We arrived in Bolivia not really knowing what to expect. Starting in Argentina and Brazil had set a precedent for South America as being moderately expensive so Bolivia provided quite a stark contrast because the cost of living in Bolivia is much lower. Although accommodation costs remained fairly steady (around £5 per night each), food and goods were miraculously cheap in comparison to what we had been paying in previous countries.
January 16, 2017
We worked our way from Santa Cruz to Sucre, where we were greeted with a truly stunning sunset view from our accommodation.
Our first night in Sucre also took us to Condor Cafe, recommended to travellers on TripAdvisor, where we each had a delicious vegetarian meal with wine for a cost of £9.24 total, which we split between four. From Sucre we travelled to Uyuni, a completely unremarkable little town only visited according to necessity by those wishing to explore the Bolivian Salt Flats, Salar de Uyuni.
We booked a three day, two night tour of the salt flats with a company called Sandra Travels for 750BOB each (about £80) including food, accommodation, and national park entry. Although this was the going rate according to some other travellers we’d met in Sao Paulo, this company turned out to be a bit of a disaster (for reasons I’ll explain later) so I would absolutely not recommend going with Sandra Travels. Had we googled the company prior to booking we would have found plenty of other travellers also discouraging from choosing Sandra. However, oblivious to what was to come, we set off on our tour.
The first day of the trip was actually fairly well organised. There were 5 of us to a 7 person jeep and the stops we made were all really worthwhile, starting with the Train Cemetery just outside Uyuni.
The abandoned train depot was beautiful, although it was a slight shame that every tour running that day seemed to be stopping in exactly the same places simultaneously. From here we drove – almost in convoy with all the other jeeps – to the famous salt flats. The salt flats themselves did not disappoint.
They also provided a perfect backdrop to take a few cheesy group photos!

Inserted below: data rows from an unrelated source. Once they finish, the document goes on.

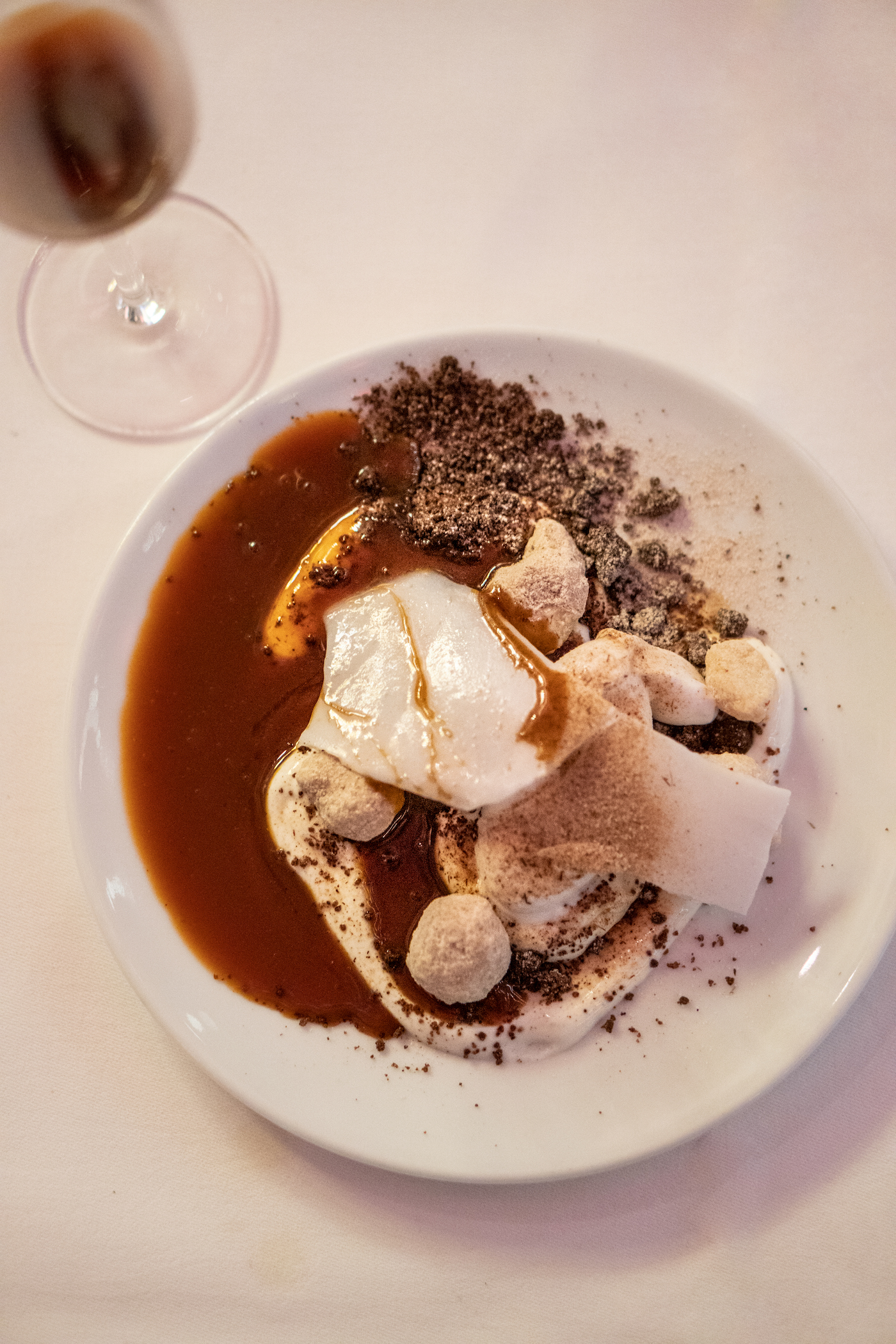 Maar niet voor het dessert de kerk uit. Margot Janse was de eerste gastchef van een serie grote namen die kookten bij RIJKS. Haar dessert van baobab met honeybush karamel en hangop staat nu weer op de kaart. Heerlijk met de bijpassende dessertwijn: een supergeconcentreerde, stroperige sherry met een smaak van krenten en chocolade (Cardenal Cisneros). Alsof er een engeltje over je tong… je snapt ‘m.
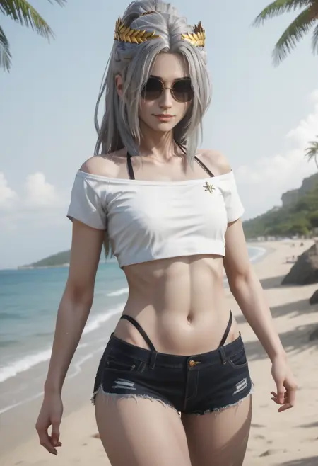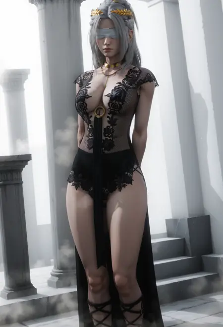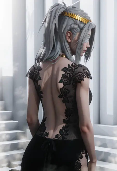 Secondary: grey hair, half up braid, laurel crown, bandages over eyes,
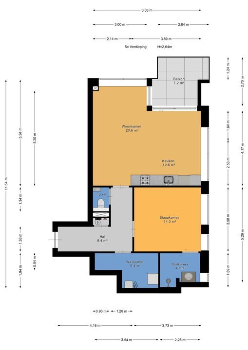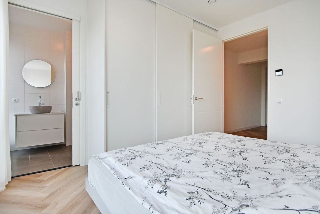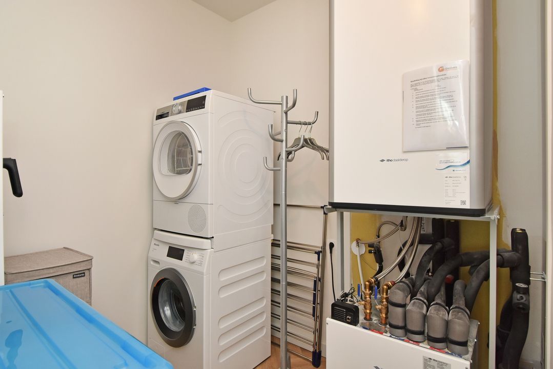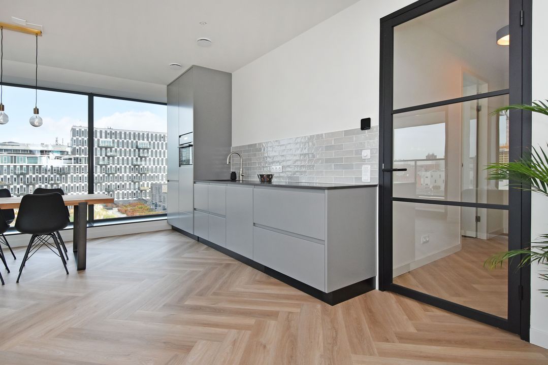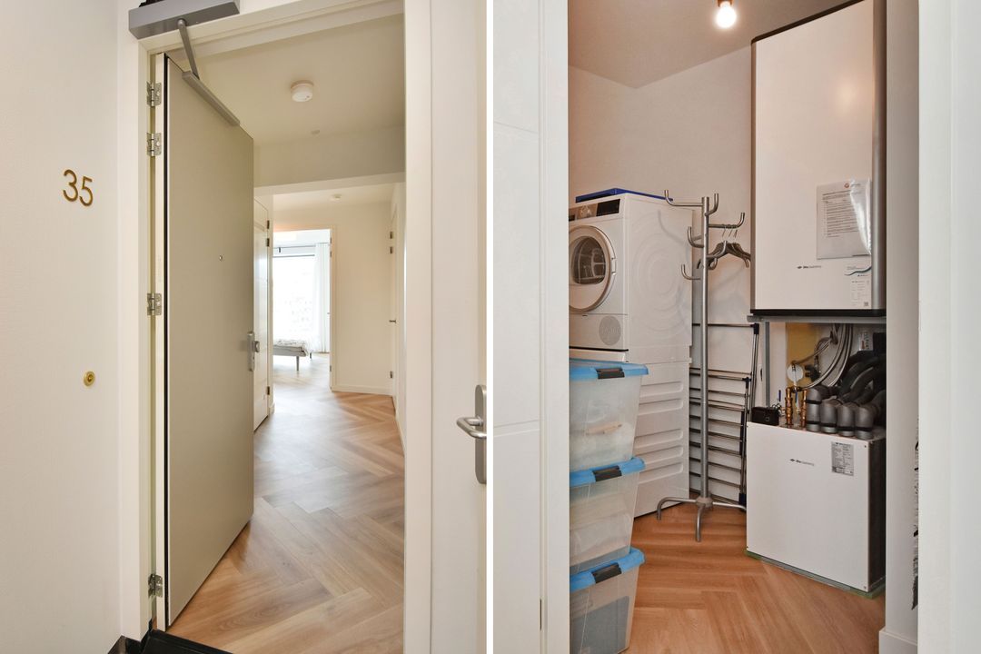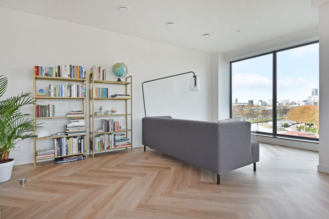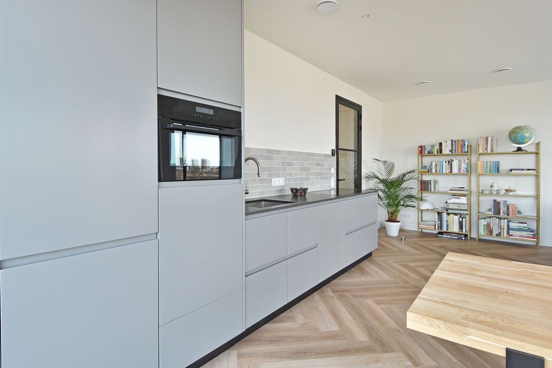 Entrance to the apartment, spacious hall with beautiful herringbone PVC flooring throughout the apartment and meter cupboard. Modern, fully tiled toilet with floating toilet and corner sink. Indoor storage/laundry room with space for heat recovery unit, washing machine, dryer, and Itho Daalderop heat pump with Itho Daalderop boiler. Bright living room with large windows, unobstructed view over the water and towards the skyline and center of The Hague. Sliding doors give access to the sunny northwest-facing balcony. The custom-made kitchen is equipped with a composite countertop and built-in appliances, namely: sink, Quooker, combi oven/microwave, dishwasher, refrigerator with two freezer drawers (Liebherr), and a 90 cm wide induction hob with built-in extraction system (NOVY). Bright bedroom with large windows and custom-made built-in wardrobe. A sliding door leads to the fully tiled bathroom with walk-in shower with easydrain, built-in niche, thermostatic tap and hand and rain shower, bathroom cabinet with two drawers, washbasin and high tap, natural stone countertop and electric heating.
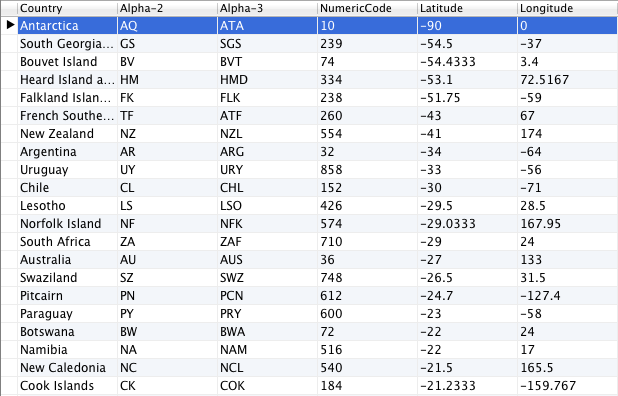 今回は、実際にMySQLからRへのデータを取得して、表とプロットしてみることにします。 利用したデータは、socrataのサイトで公開されている 国名と代表点の経緯度のオープンデータを利用してみました。 まず、事前にMySQLのテーブルとしてデータを登録してあるところからはじめることにします。
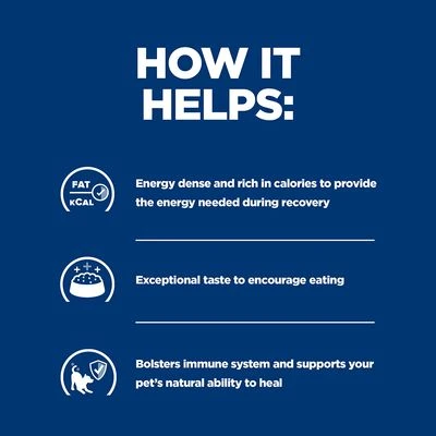 - Specifically developed to help your pet recover after surgery or following a bout of anorexia or other illness
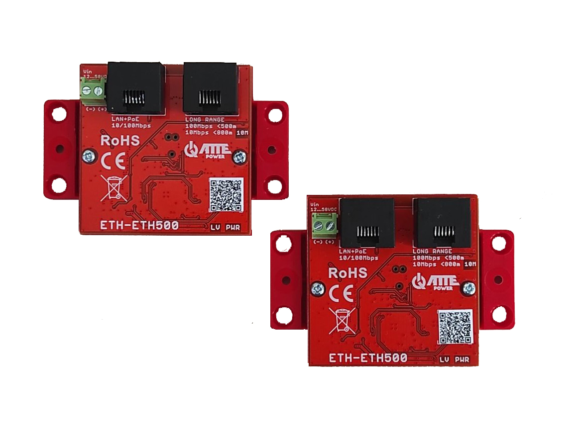 ATTE ETH-ETH500-SET EXTENDER LAN+POE 100Mbps/500m 10Mbps/800m(INPUT:PASSIVE POE ή 802.3at/af/bt) Το module ETH-ETH500-SET είναι ένα set από converters που μπορεί να επεκτήνει την εμβέλεια ενός δικτύου μέσω POE έως και 800m χρησιμοποιώντας ένα καλώδιο U
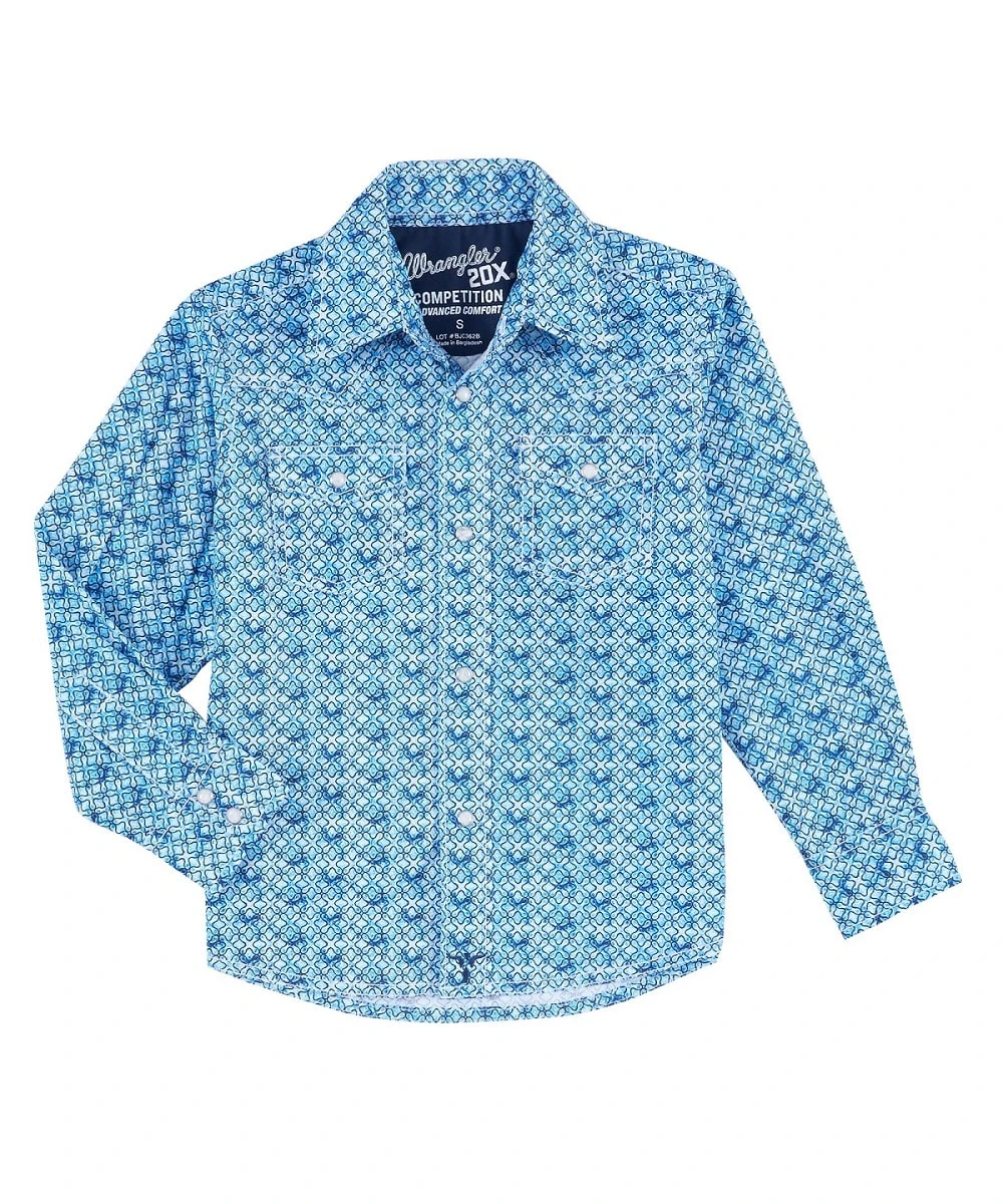 97% Cotton/3% Elastane; Long Sleeve; Spread Collar; Snap Front Placket, Pockets, And Cuffs; Two Snap Flap Chest Pockets; Single Point Front Yokes; Single Point Back Yoke; Color: Blue Geo Print; Style #112314923
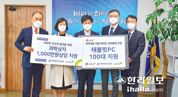 제주특별자치도교육청은 지난 25일 LG유플러스(대표 황현식)에서 태블릿PC 100대, (주)신동아문구(대표 박경란)에서 과학상자(1000만원 상당)를 기증했다고 밝혔다.
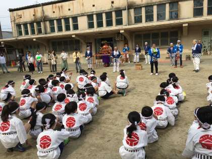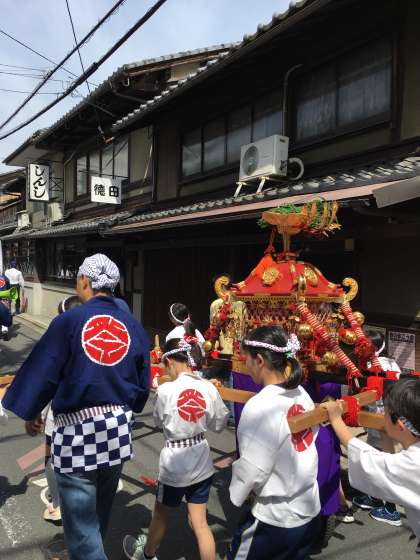 10連休の真ん中ですが,地域行事で元気な子どもの姿を見ることができました。地域保護者の皆様のご協力で神泉苑の子ども神輿が地域を練り歩きました。神泉苑でお祓いをしてもらっている時には神妙な顔で静かに聞いていました。
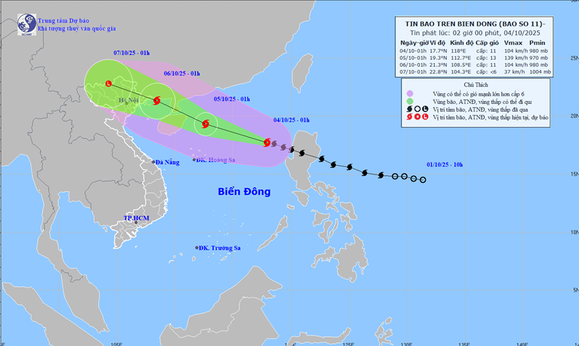 Tin bão trên biển Đông - Cơn bão số 11 (Tin phát lúc 02h00 ngày 04/10/2025)
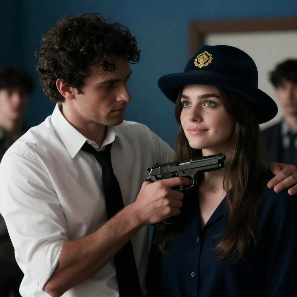 Photograph of a movie poster. Three scenes: top left, a man in a brown suit holding a glass, woman with brown hair; top right, a man in a white cap and blue shirt, woman in pink shirt, outdoor table; bottom, hand holding gun, white ribbon, dollar sign, characters from top right. Blue and yellow background.
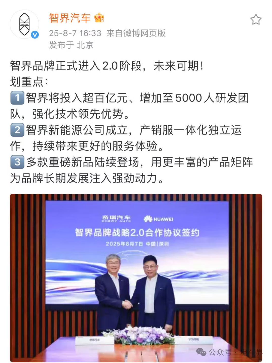 昨天,智界汽车宣布智界品牌正式进入2.0阶段。
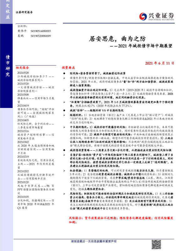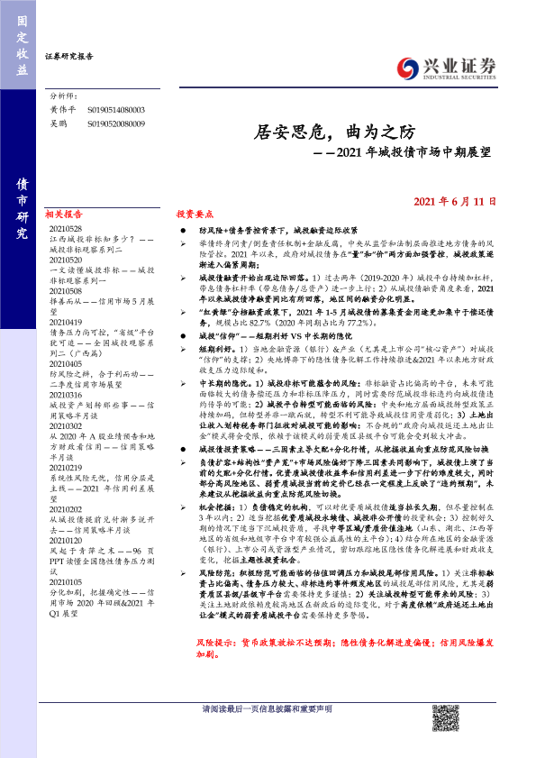 【兴业证券】【20210611】2021年城投债市场中期展望:居安思危,曲为之防-31页
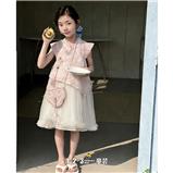 《复古》粉 夏款 女中童XKR26102 RYDD时尚短袖连衣裙1+2=3童装连锁
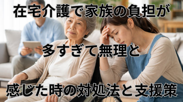 在宅介護 家族の負担 無理だと感じた時のポイントを徹底解説。負担が大きい理由、負担軽減の具体策、介護サービスの活用法、支援制度を分かりやすく紹介します。
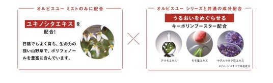 水のめぐりの阻害要因に着目し、植物性保湿成分の「ユキノシタエキス」を配合。さらに、『オルビスユー シリーズ』の共通成分である複合成分「キーポリンブースター※3」を配合し、角層のすみずみまでうるおいがめぐり満たされることで、“長時間” 明るい印象のおし返すようなハリツヤ肌へと導きます。

After this we drove for another few hours to get to the volcano, this was to be our lunch stop and was also where we were promised we would see some reflections from rainwater that had collected on the flats. The lunch stop delivered on its promises of water and we managed to take some beautiful photos here.
We could also see quinoa growing on the farm where we stopped to eat.
However, as we went inside for lunch, things started to go downhill. By some bizarre twist of fate, we happened to be travelling with one vegan and two vegetarians. Although they had all informed the tour operator of their dietary requirements, it soon became clear that this information had not been passed along and no preparations had been made for them. As a result they spent the next three days eating unhealthily small portions of cucumber, tomato, raw cabbage and pasta.
The one upside to this, was that all the meat they had been cooked was shared between us four carnivores. This was extremely lucky because the portion sizes were ridiculously small even with the extra meat, so we can’t imagine how hungry we would have been otherwise.
As we had now collected two more people, we were now 7 to a jeep which was a ridiculously tight fit. Eventually however, we all squished in and headed to our final stop of the day, the bizarre Cactus Island.
We arrived at our night one accommodation to another quite spectacular sunset.
The hotel we were staying in was literally made out of salt. Even the floors were coated in it, which made for an interesting evening of brushing salt crystals off our beds and trying not to get salt on our feet every time we got up to go to the bathroom.
The next two days of the tour were slightly underwhelming. While we did get to see some truly beautiful locations (and a huge number of wild flamingos) we spent so much time squashed into the tiny jeep that the magic of the salt flats started to wear off. The constant stops for photo-op after photo-op weren’t exactly what we had been expecting. The photos we did get however, were quite lovely.
On our final day we woke up outrageously early (3.30am starts are not my friend) to see the geysers.
Made even better when we discovered we could see our shadows cast on the rising steam.
I’m not sure we needed to be up quite that early to appreciate them, though. While the tour definitely was not well run – and please, if you ever have the choice, make sure you steer clear of Sandra Travels – the experience itself was well worth it. I’m sure, had there been enough food and more space, we would have loved it.